Brown, a cerebral intellectual who made a habit of quoting obscure philosophers in official addresses, is perhaps the polar opposite of Trump, a bombastic celebrity who demands personal loyalty. But Brown says he understands Trump’s appeal to those who increasingly feel left behind by a changing society.
“The world is changing, our customs are changing, it’s not a world that more conservative, more traditional people recognize,” Brown said. “People are reacting and Trump has been able to exploit their fears. The fact that he is almost a cult figure, that isn’t just his eloquence, it’s that he’s been able to tap in to real fears, real concerns that so many Americans are feeling.”
“It’s a very dynamic world with lots of anxiety and fear, and it’s just made for demagoguery. And that’s exactly Trump’s expertise,” he said.
Despite decades in Democratic politics, Brown has never been a central figure in the national party. He was an outsider when he beat three established politicians to capture the governorship for the first time in 1976, at age 36. He was an outsider when he ran for president three times, most recently in 1992, but later served another two terms as governor before leaving office in 2019.
Today, he sees a younger generation of politicians pushing those in his generation, like Biden, to embrace new change. Asked his views on progressive upstarts like Reps. Alexandria Ocasio-Cortez (D-N.Y.) and, in his own backyard, Ro Khanna (D-Calif.), Brown said the activist class would not get all it wanted from Biden — but that they play a role in pushing a president.
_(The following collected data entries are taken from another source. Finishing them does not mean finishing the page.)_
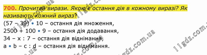 Прочитай вирази. Якою є остання дія в кожному виразі? Як називають кожний вираз? (57 – 39) • 10 – остання дія множення, 2500 + 100 • 9 – остання дія додавання, 34 – х : 7 – остання дія віднімання, a • b – c : d – остання дія віднімання.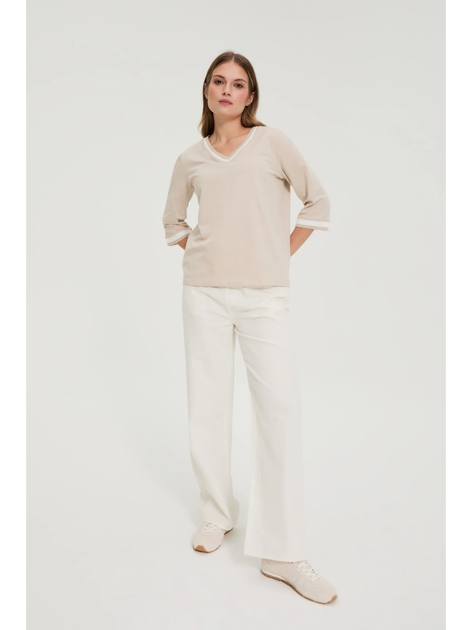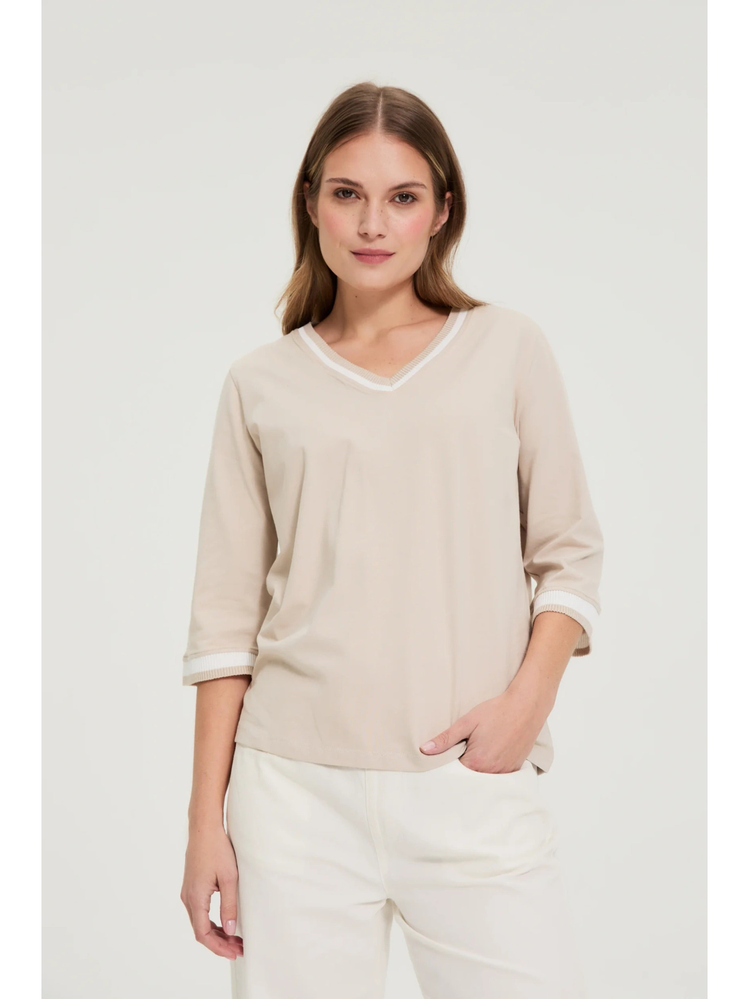 Bež ženski top s dugim rukavima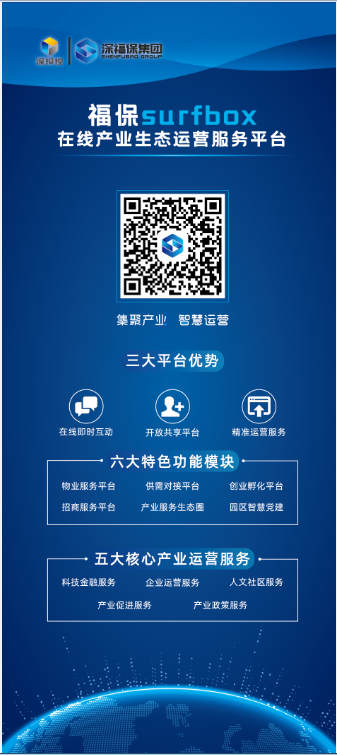 “福保surfbox”平台是金年会集团为满足园区企业服务需求,利用云计算、大数据、物联网、移动互联网等新一代信息技术,重磅打造的“智慧化线上产业生态运营服务平台”,具有在线即时互动、精准运营服务以及开放共享三大优势。平台具备供需对接、物业服务、招商服务、创业孵化、产业服务、园区智慧党建等功能模块,重点推出科技金融服务、产业政策服务、企业运营服务、产业促进服务、人文社区服务五大服务内容,通过集聚产业运营服务资源,为园区企业和周边片区企业提供覆盖全生命周期的一站式服务。

“There’s an inherent tension. That’s why we have two legs. One leg steps out and the other leg comes afterwards. We need the people to push us, to push us on equity, on climate change, on nuclear negotiations, all these things. The status quo is too stagnant. And because of the way it functions, its folkways, it will always be stagnant,” he said. “Without the activists pushing, we don’t go anywhere. The activists aren’t going to get what exactly they want, but actually if you check in in 10 years, we’ll be way beyond what they’re even thinking today, although maybe in a different way.”